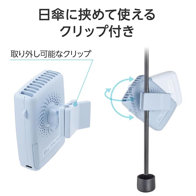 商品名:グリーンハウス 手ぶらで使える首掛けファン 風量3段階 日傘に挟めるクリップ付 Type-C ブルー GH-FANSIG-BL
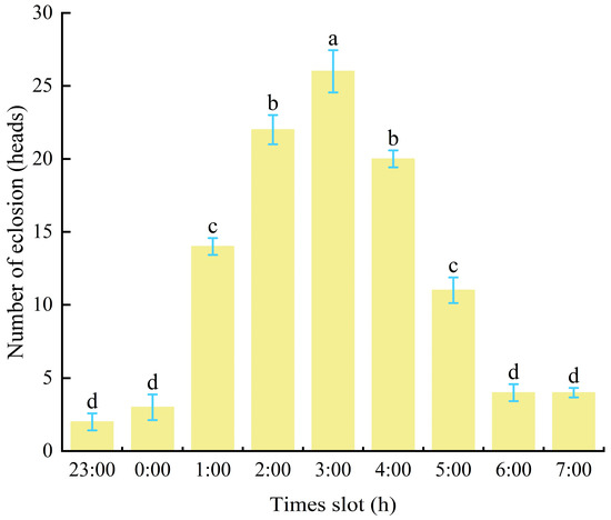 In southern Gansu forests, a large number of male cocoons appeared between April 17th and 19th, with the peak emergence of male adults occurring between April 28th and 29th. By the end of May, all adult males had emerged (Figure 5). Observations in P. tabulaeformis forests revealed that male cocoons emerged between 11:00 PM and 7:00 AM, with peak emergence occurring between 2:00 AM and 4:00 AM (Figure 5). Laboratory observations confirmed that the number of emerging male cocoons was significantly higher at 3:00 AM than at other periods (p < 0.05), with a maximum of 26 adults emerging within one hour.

= = = = =

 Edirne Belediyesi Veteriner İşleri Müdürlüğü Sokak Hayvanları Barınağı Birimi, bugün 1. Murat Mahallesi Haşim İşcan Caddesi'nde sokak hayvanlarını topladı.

= = = = =

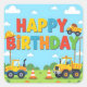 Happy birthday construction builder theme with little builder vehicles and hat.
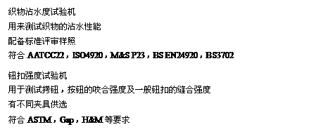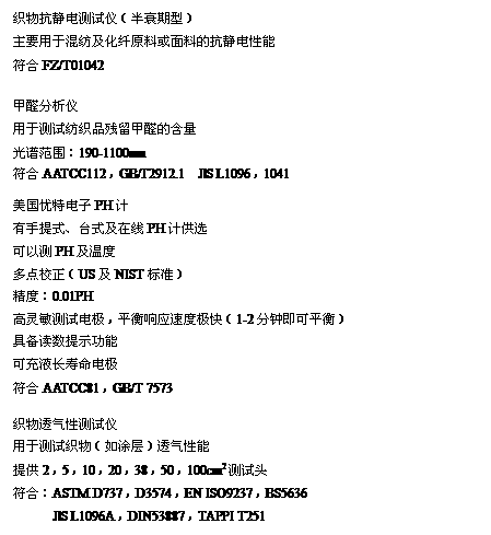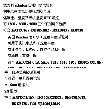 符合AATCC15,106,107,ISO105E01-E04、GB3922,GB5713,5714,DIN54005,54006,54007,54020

= = = = =

#### [What the task requires]
The answer must be the part of the records that opens with the line containing "商品名:グリーンハウス 手ぶらで使える首掛けファン 風量3段階" and closes with the line containing "In southern Gansu", reproduced exactly, with no pictures.

#### [Task solution]
 商品名:グリーンハウス 手ぶらで使える首掛けファン 風量3段階 日傘に挟めるクリップ付 Type-C ブルー GH-FANSIG-BL
 In southern Gansu forests, a large number of male cocoons appeared between April 17th and 19th, with the peak emergence of male adults occurring between April 28th and 29th. By the end of May, all adult males had emerged (Figure 5). Observations in P. tabulaeformis forests revealed that male cocoons emerged between 11:00 PM and 7:00 AM, with peak emergence occurring between 2:00 AM and 4:00 AM (Figure 5). Laboratory observations confirmed that the number of emerging male cocoons was significantly higher at 3:00 AM than at other periods (p < 0.05), with a maximum of 26 adults emerging within one hour.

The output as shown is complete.